This unprecedented protocol in the dynamics made Maria Fernanda find new ways of interacting with the village artisans. The weaving techniques classes that she would have in loco were transformed into recorded videos and sent over the internet; with the help of Kulikyrda Mehinako, an artist and one of the community representatives, Maria Fernanda developed a new color chart, extracted from leaves and barks of native trees found in the reserve, with the aim of rescuing the full potential of Xingu, counting on Maibe Maroccolo, in Brasília, to extract these shades and make dye pigments to color the cotton threads used on the mats produced by the Kaupüna village’s women.

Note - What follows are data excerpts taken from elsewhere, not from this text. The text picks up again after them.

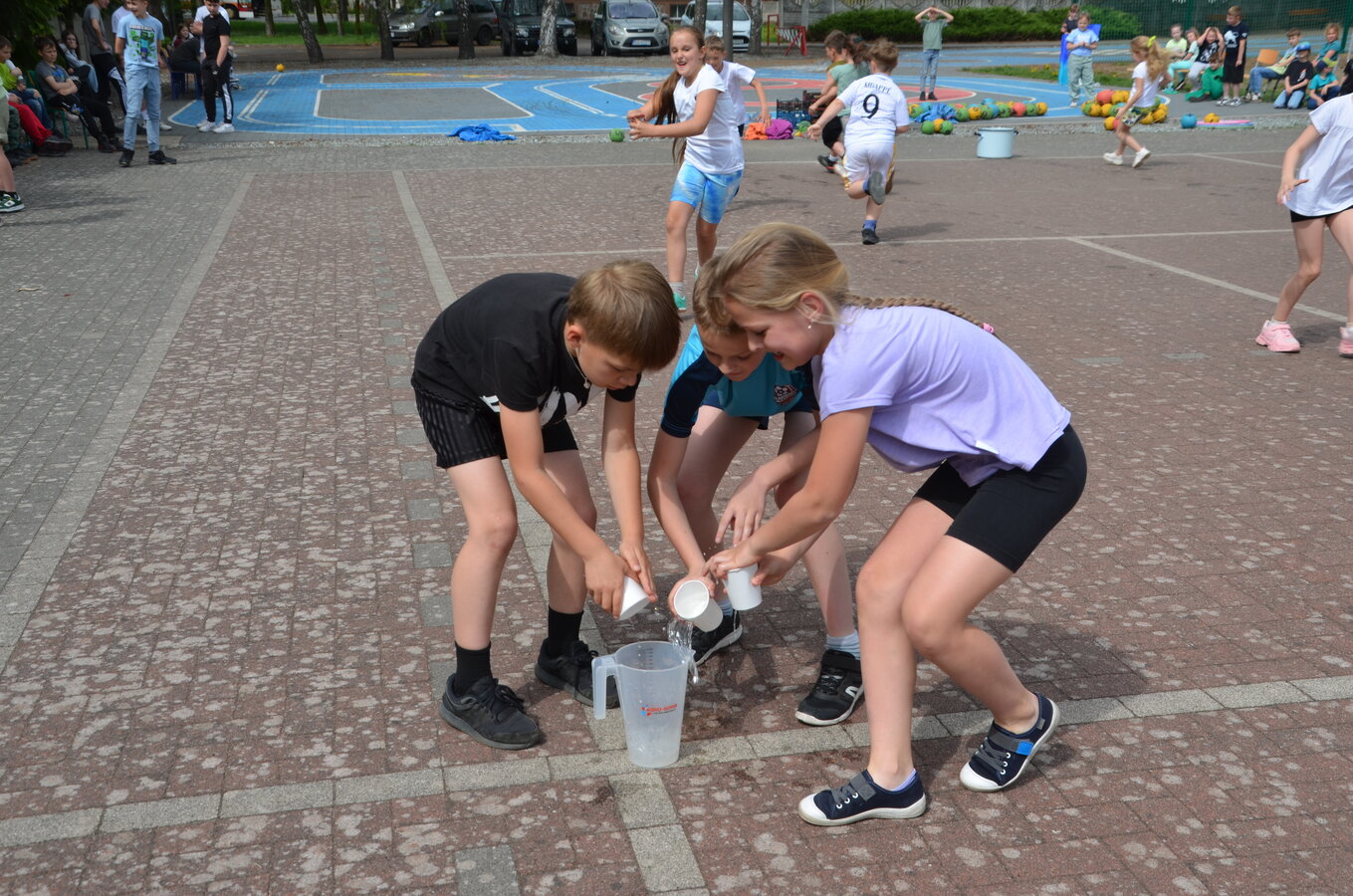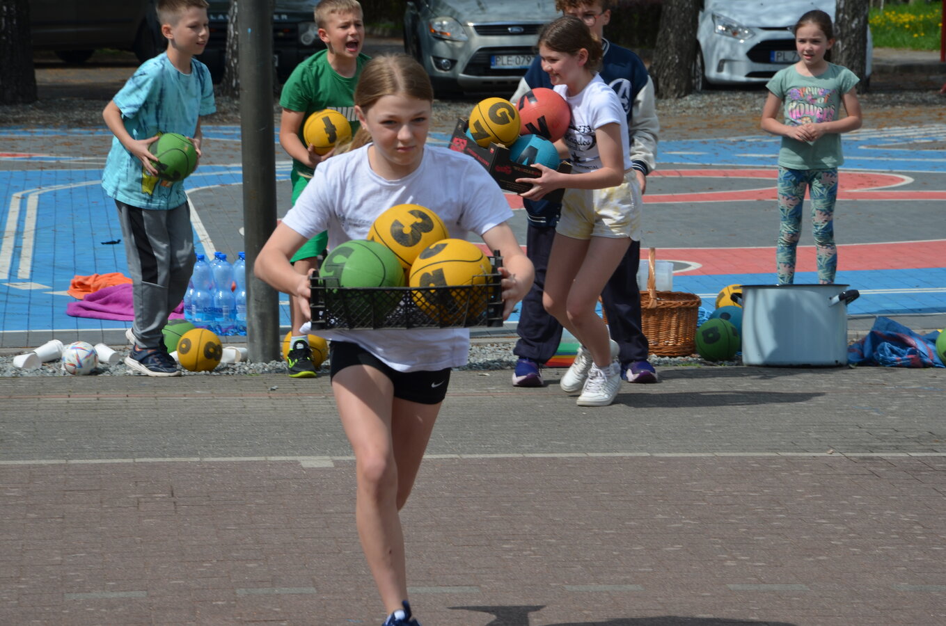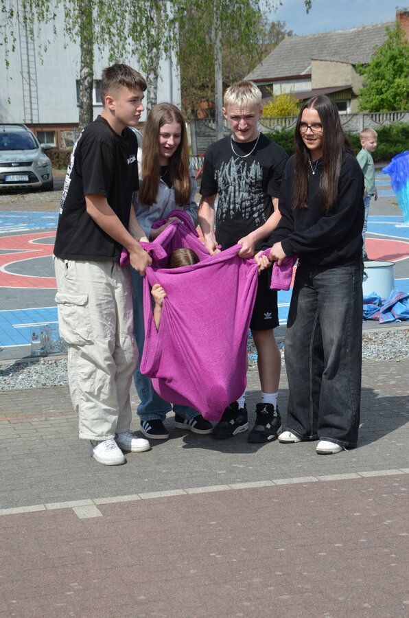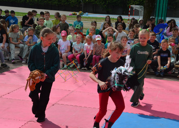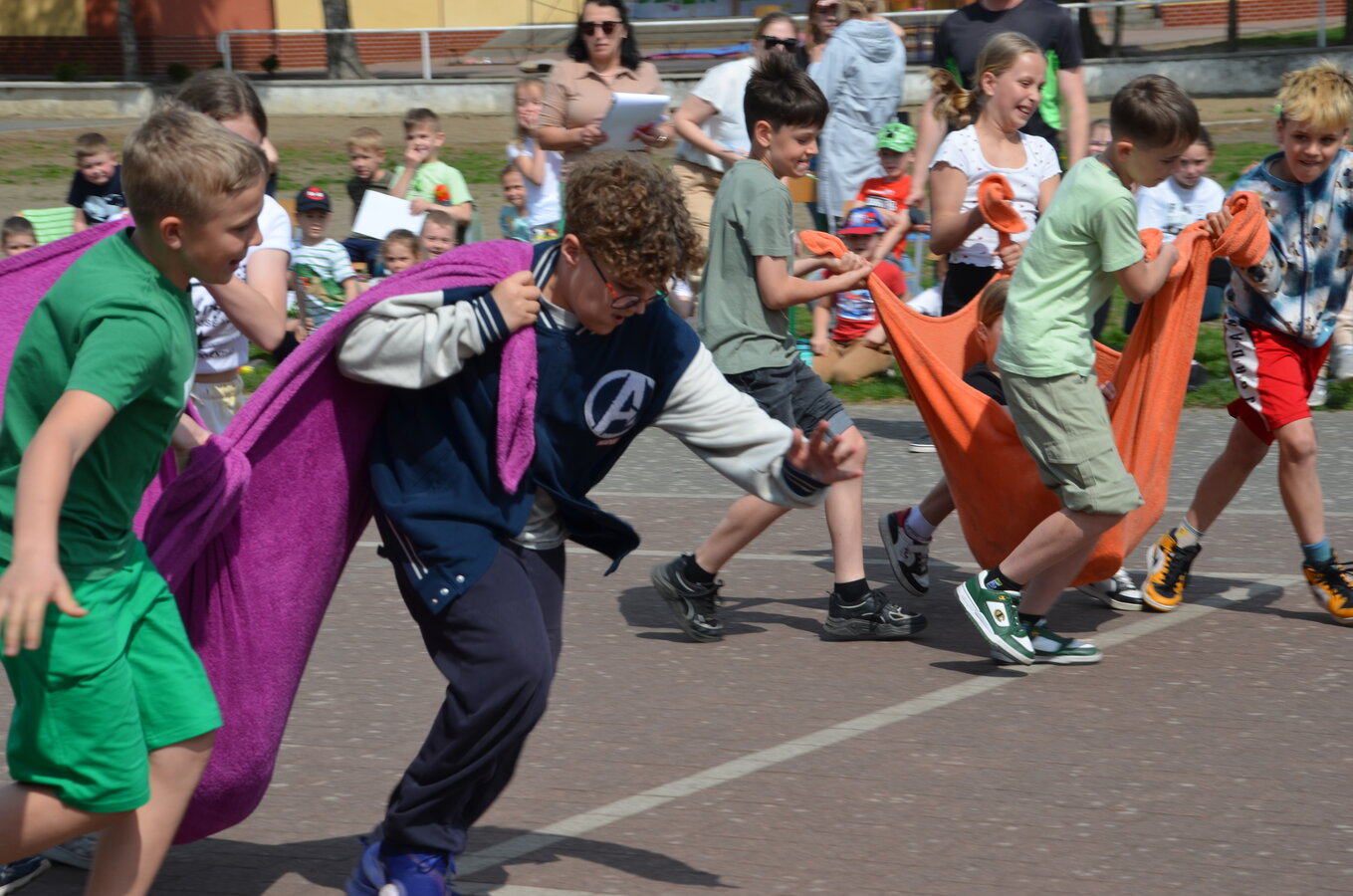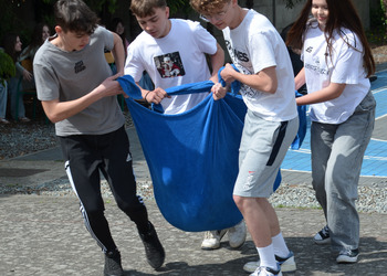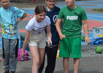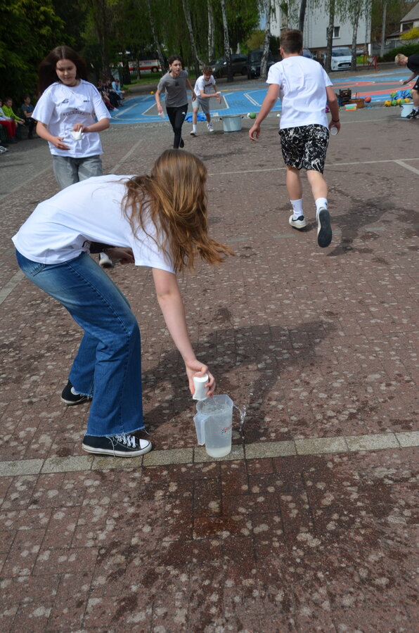 Kolejnym punktem programu były konkurencje sportowe do wszystkich klas. Był wyścig w przenoszeniu na kocu, rzuty do celu, przenoszenie piłek w skrzynkach, wyścig w workach, przenoszenie wody w kubeczkach i napełnianie dzbanka.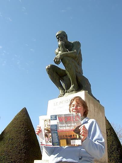 We're also missing the picture of me looking through the magazine on top of Notre Dame, nor do we have a picture of me with it at Loch Ness. We took a picture of me at the Louve showing recent events to a statue of Sargon. I wonder if that photo is in my son's camera?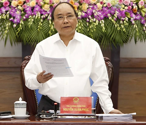 Thủ tướng Nguyễn Xuân Phúc phát biểu tại phiên họp Chính phủ thường kỳ tháng 5. Ảnh: TTXVN
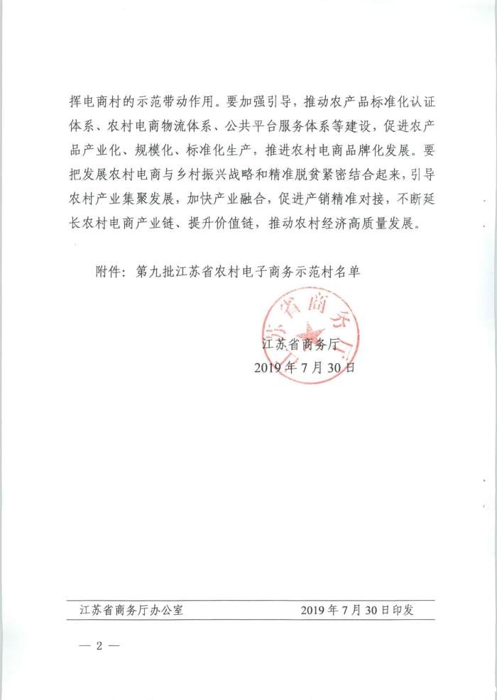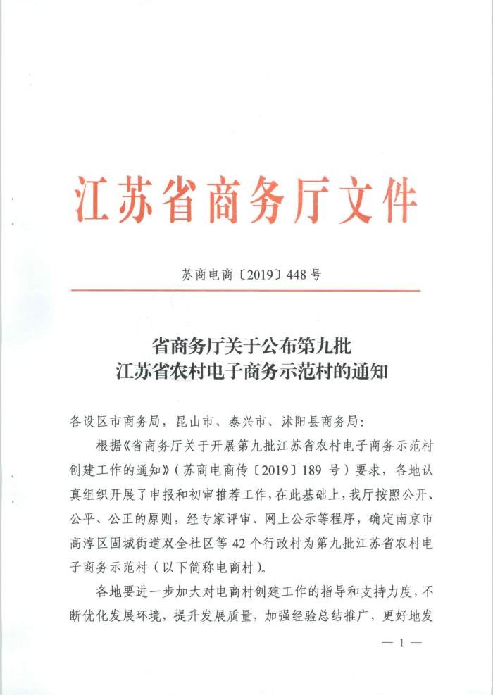 文号 | 苏商电商〔2019〕448号 | 关键字 | 江苏省农村电子商务示范村 |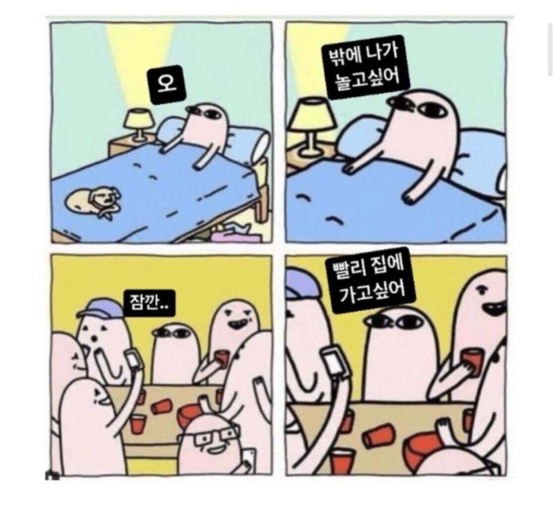 졸라 신나게 외향적으로 놀다가도 너무 지쳐서 혼자있고싶어져
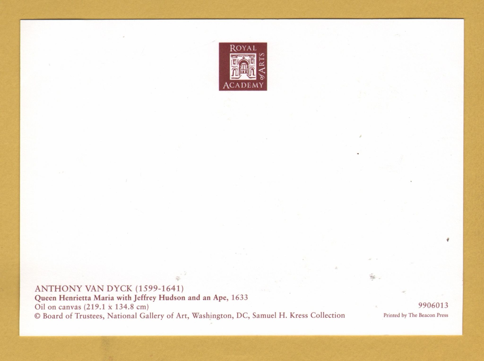 Tags: Queen Henrietta Maria, Jeffery Hudson, Ape, 1633, Anthony Van Dyck:Unused, Royal Academy of Arts Postcard.

“This project has a special taste, as persistence and creativity united Yankatu and the Kaupüna village in its development, despite the obstacles imposed by reality. The yarns dyed by Mattricaria with the raw material harvested by Kulikyrda arrived here and there and, even at a distance, Mehinako women and I were together weaving a new story: they produce a mat with buriti in the village, and I, in São Paulo, learn from them and also weave a mat with small Cabreuva wood cylinders”, comments Maria Fernanda.
To develop the pieces of the collection, Maria Fernanda was inspired by the objects and everyday elements of Mehinako people.
Artist profile
Yankatu - Design with Soul
Born: 2015
Hometown: São Paulo
Based in: Jundiaí
Maria Fernanda Paes de Barros is a designer, visual artist and researcher, founder of Yankatu - Design with Soul.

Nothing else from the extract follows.